When asOfDate falls strictly inside an open quarter, simulate() separately reports accrued but not yet capitalized interest in accruedSinceLastCapitalization. It is calculated pro rata in calendar days over the theoretical quarterly interest:

accrued = balance x quarterly_rate x elapsed_days / total_days

where balance is units x unitFaceValueEur x currentUnitQuote, quantized to cents with banker’s rounding. This number is a library convention, not a value published by IGCP: IRS withholding is not applied (it only occurs at capitalization). Consumers estimating a “redemption value today” should subtract accrued x IRS themselves.

simulateRedemption() in src/core/redemption.ts computes the payable value of an early redemption (full or partial) while delegating quote math to simulate({ asOfDate: redemptionDate }) so quote cadence remains identical.

Applied rules:

  • Minimum holding period: redemption is only allowed from subscriptionDate + 3 months onward (SeriesMetadata.minimumHoldingMonths, currently 3 for all supported series).
  • Maturity boundary: for series with a finite maturityYears, redemptionDate on or after maturity is not early redemption and is rejected; use simulate() for matured payouts. Séries A and B are perpetual (maturityYears: null): there is no maturity cutoff in simulateRedemption().
  • Payable redemption value: redemptionValue = round(unitsToRedeem x unitFaceValueEur x currentUnitQuote, 2), where currentUnitQuote is the booked quote after the last completed capitalization at redemption date.
  • Accrued between capitalizations: the redeemed slice of accruedSinceLastCapitalization is reported as forfeitedAccruedGross and is not paid at redemption (interest is only paid on capitalization dates).
  • Partial redemption guardrails: unitsToRedeem must be in [1, units], and the residual position must be either 0 (full redemption) or at least the series minUnits.

Reconciliation note: for partial redemptions, round(unitsToRedeem x quote, 2) + round(remainingUnits x quote, 2) can differ from round(units x quote, 2) by one cent due to independent rounding.

simulatePortfolio() models a portfolio as a list of independent subscription cohorts.

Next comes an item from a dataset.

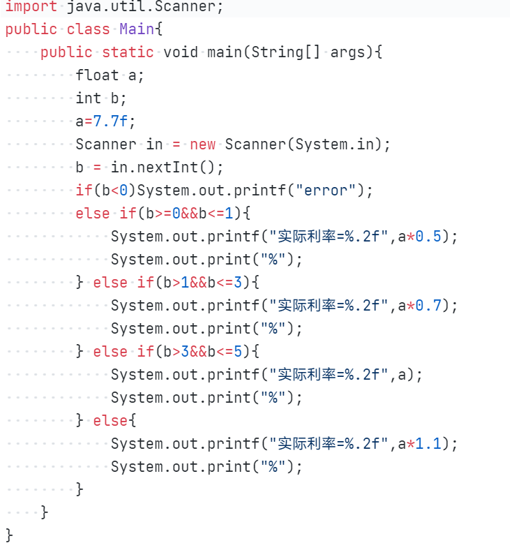 做题思路上直接使用if-else语句结构分别计算和输出各年份的实际利率。

Each top-up is represented as a new row, even when it has the same series and the same subscription date as an existing row.

Applied rules:

  • Each cohort is simulated through simulate() using the same portfolio-level asOfDate.
  • The units cap is enforced per series by summing all rows in that series (assumption: one Conta Aforro per series).
  • Portfolio aggregation sums already-cent-quantized cohort fields (currentValueNet, totalInterestNet, totalIrsWithheld, and related totals).

Because totals are built from direct sums of quantized cohort values, every PortfolioResult.total* field reconciles exactly with the corresponding sum over PortfolioResult.cohorts[].

simulate() validates inputs with Zod, reading limits from the selected series’ SeriesMetadata, before any calculation. It throws when:

  • subscriptionDate falls outside the series’ subscription window:
    • Série A: between 1960-01-01 (fixing guard) and 1986-06-30 (closed to new subscriptions);
    • Série B: between 1986-07-01 and 2008-01-25 (closed to new subscriptions);
    • Série F: strictly from 2023-06-01;
    • Série D: between 2015-02-01 and 2017-10-31 (closed to new subscriptions);
    • Série E: between 2017-11-01 and 2023-06-01 (closed to new subscriptions);
  • units falls outside the series’ [minUnits, maxUnits] range:
    • Série F: [100, 100000];
    • Séries A, B, D, and E: [100, 250000];
  • asOfDate < subscriptionDate.

For series with finite maturity, after subscriptionDate + maturityYears (15 years for Série F, 10 years for Séries C, D, and E), the loop stops at maturity and the result returns matured: true with maturityDate populated. Séries A and B stay active: matured remains false and maturityDate is null (with a safety cap on simulated quarters to bound work).